CPA plus ethinylestradiol likely results in little to no difference in total testosterone at six months compared with spironolactone (MD −0.06 nmol/L, 95% CI −1.25 to 1.13; 1 RCT, 77 women; moderate-certainty evidence), ketoconazole (MD −0.02 nmol/L, 95% CI −0.37 to 0.33; 1 RCT, 81 women; moderate-certainty evidence), or Pio-Flu-Met (MD −0.39 nmol/L, 95% CI −0.82 to 0.04; 1 RCT, 81 women; low-certainty evidence). CPA plus ethinylestradiol may be more effective than finasteride at six months (MD −1.60 nmol/L, 95% CI −2.39 to −0.81; 1 RCT, 27 women; low-certainty evidence).
CPA plus ethinylestradiol may lower free testosterone slightly at six months compared to finasteride (MD −9.02 nmol/L, 95% CI −12.44 to −5.60; 1 RCT, 27 women; low-certainty evidence) or flutamide (MD −4.16 nmol/L, 95% CI −6.62 to −1.70; 1 RCT, 28 women; low-certainty evidence). There was little to no difference between CPA plus ethinylestradiol and spironolactone (MD 0.35 nmol/L, 95% CI −0.62 to 1.32; 1 RCT, 77 women; low-certainty evidence). CPA plus ethinylestradiol may be less effective than ketoconazole (MD 1.39 nmol/L, 95% CI 0.43 to 2.35; 1 RCT, 81 women; low-certainty evidence).

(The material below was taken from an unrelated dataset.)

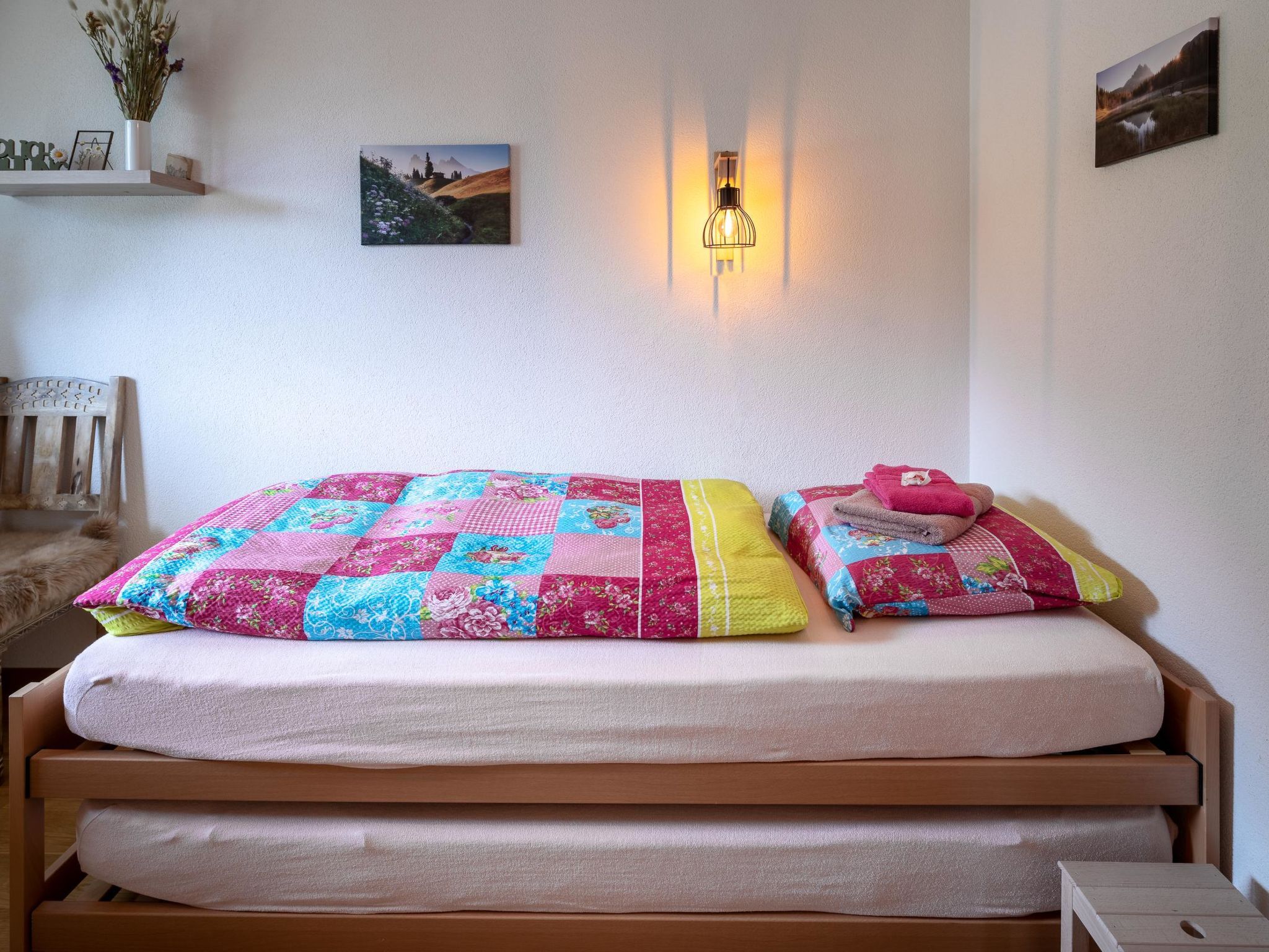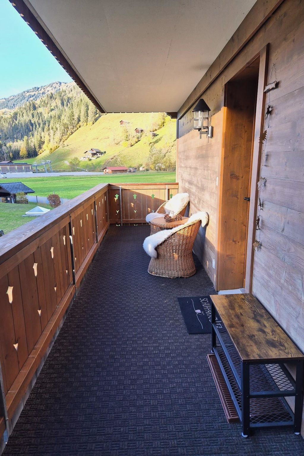 63 m2. Weitere Angaben des Anbieters: 3 1/2-Zimmer-Wohnung in einem Mehrfamilien-Chalet mit Lift an ruhiger und idyllische Lage mit herrlichem Bergpanorama vom Balkon aus. Ideale Lage zum Wandern und Skifahren. Die Wohnung befindet sich nahe bei den Simmenfällen. Die Langlaufloipe führt direkt vor dem Haus durch. Nur 5 Gehminuten bis zur Talstation der Gondelbahn Stand-Xpress, (Metschbahn) welche Sie bequem ins Ski- und Wanderparadies Adelboden - Lenk führt und ein idealer Standort auch für Fallschirmsegler ist. Eine Whirlpool - Wanne zum Entspannen werden Sie antreffen. Schöne 3.5 Zimmer-Ferienwohnung in einem Mehrfamilienhaus im 1. Stock links. Die Wohnung eignet sich für 4 Personen und ist ausgestattet mit Wohn-/Esszimmer, Schwedenofen, Sofa, Swisscom TV, DVD Player und Radio. Küche mit Geschirrspüler, Filter-Kaffeemaschine und Nespresso Kaffeeemaschine. Elternschlafzimmer mit einem Doppelbett (160x200 cm). Zweites Schlafzimmer mit zwei Einzelbetten (90x200 cm). Badezimmer mit Sprudelwanne/Dusche. Separates WC (Trennwand zum Badezimmer). Die Wohnung verfügt über einen Balkon mit einem Tisch und vier Stühlen. Das Rauchen auf dem Balkon ist erlaubt. Im Winter stehen zwei Kinderschlitten zur Verfügung. ÖV inklusive im Simmental und Saanenland mit der SIMMENTAL CARD: Übernachtungsgäste in der Ferienregion Lenk-Simmental fahren mit einer gültigen Gästekarte kostenlos mit dem öffentlichen Verkehr für Ausflüge. Die Unterkunft Schöne 3.5 Zimmer-Ferienwohnung in einem Mehrfamilienhaus im 1. Stock links. Die Wohnung eignet sich für 4 Personen und ist ausgestattet mit Wohn-/Esszimmer, Schwedenofen, Sofa, Swisscom TV, DVD Player und Radio. Küche mit Geschirrspüler, Filter-Kaffeemaschine und Nespresso Kaffeemaschine. Elternschlafzimmer mit einem Doppelbett (160x200 cm). Zweites Schlafzimmer mit zwei Einzelbetten (90x200 cm). Badezimmer mit Sprudelwanne/Dusche. Separates WC (Trennwand zum Badezimmer). Die Wohnung verfügt über einen Balkon mit einem Tisch und vier Stühlen. Das Rauchen auf dem Balkon ist erlaubt. Im Winter stehen zwei Kinderschlitten zur Verfügung. ÖV inklusive im Simmental und Saanenland mit der SIMMENTAL CARD: Übernachtungsgäste in der Ferienregion Lenk-Simmental fahren mit einer gültigen Gästekarte kostenlos mit dem öffentlichen Verkehr für Ausflüge vom 1. Mai bis 31. Oktober. Ausserhalb der Sommermonate stehen weiterhin alle Buslinien an der Lenk gratis zur Verfügung. Weitere wichtige Hinweise Inkl. Elektrizität, Heizung, Aussenparkplatz und Garagenplatz, Lift, Bett-, Küchen- und Badezimmerwäsche, WIFI, Swisscom TV. Küche: Toaster, Fondue- und Raclette Set, Nespresso- und Filter Kaffeemaschine. Kinder: Ein Kinderreisebett mit Matratze steht auf Anfrage zur Verfügung (bitte bei der Buchung vermerken). Ebenso können ein Kinderhochstuhl mit Tischli, und 3 Kindervelos benutzt werden. Die Wohnung verfügt zusätzlich über einen Schwedenofen und eine Whirlpoolwanne. 2 Erwachsenen-Velos stehen zur Verfügung.

Cyproterone acetate plus ethinylestradiol compared to other interventions plus ethinylestradiol
CPA plus ethinylestradiol likely results in little to no difference in effect on FG scores at six months compared with finasteride plus ethinylestradiol (MD −0.91, 95% CI −1.82 to 0; 1 RCT, 26 women; moderate-certainty evidence) or spironolactone plus drospirenone plus ethinylestradiol (MD 0.69, 95% CI −0.80 to 2.18; 1 RCT, 89 women; high-certainty evidence). However, CPA plus ethinylestradiol may lower FG scores compared to spironolactone plus ethinylestradiol, but the evidence is very uncertain (MD −0.93, 95% CI −1.68 to −0.19; 3 RCTs, 103 women; very low-certainty evidence).
There was probably little to no difference in effect for CPA plus ethinylestradiol on total testosterone at six months compared with spironolactone plus ethinylestradiol (MD −0.20 nmol/L, 95% CI −0.64 to 0.24; 1 RCT, 45 women; moderate-certainty evidence), and likely results in little to no difference compared with drospirenone plus ethinylestradiol (MD 0.15 nmol/L, 95% CI 0.08 to 0.22; 1 RCT, 91 women; moderate-certainty evidence).
Six months of CPA plus ethinylestradiol treatment likely lowered free testosterone levels compared to drospirenone plus ethinylestradiol (MD −0.31 pmol/L, 95% CI −0.53 to −0.09; 1 RCT, 91 women; moderate-certainty evidence).
Data were lacking for all other outcomes in our main review comparisons.
Conclusions des auteurs
There were some differences in clinical outcome between CPA and spironolactone, CPA and flutamide, and CPA and finasteride. There were no clinical differences between CPA and the other medical therapies, possibly because of small study size, lack of standardised assessment and objective determinants of improvement in many studies. There are insufficient data presented to compare the adverse effects of all the treatment options.
Larger, carefully designed studies are needed to compare efficacy and safety profiles between the therapeutic options available.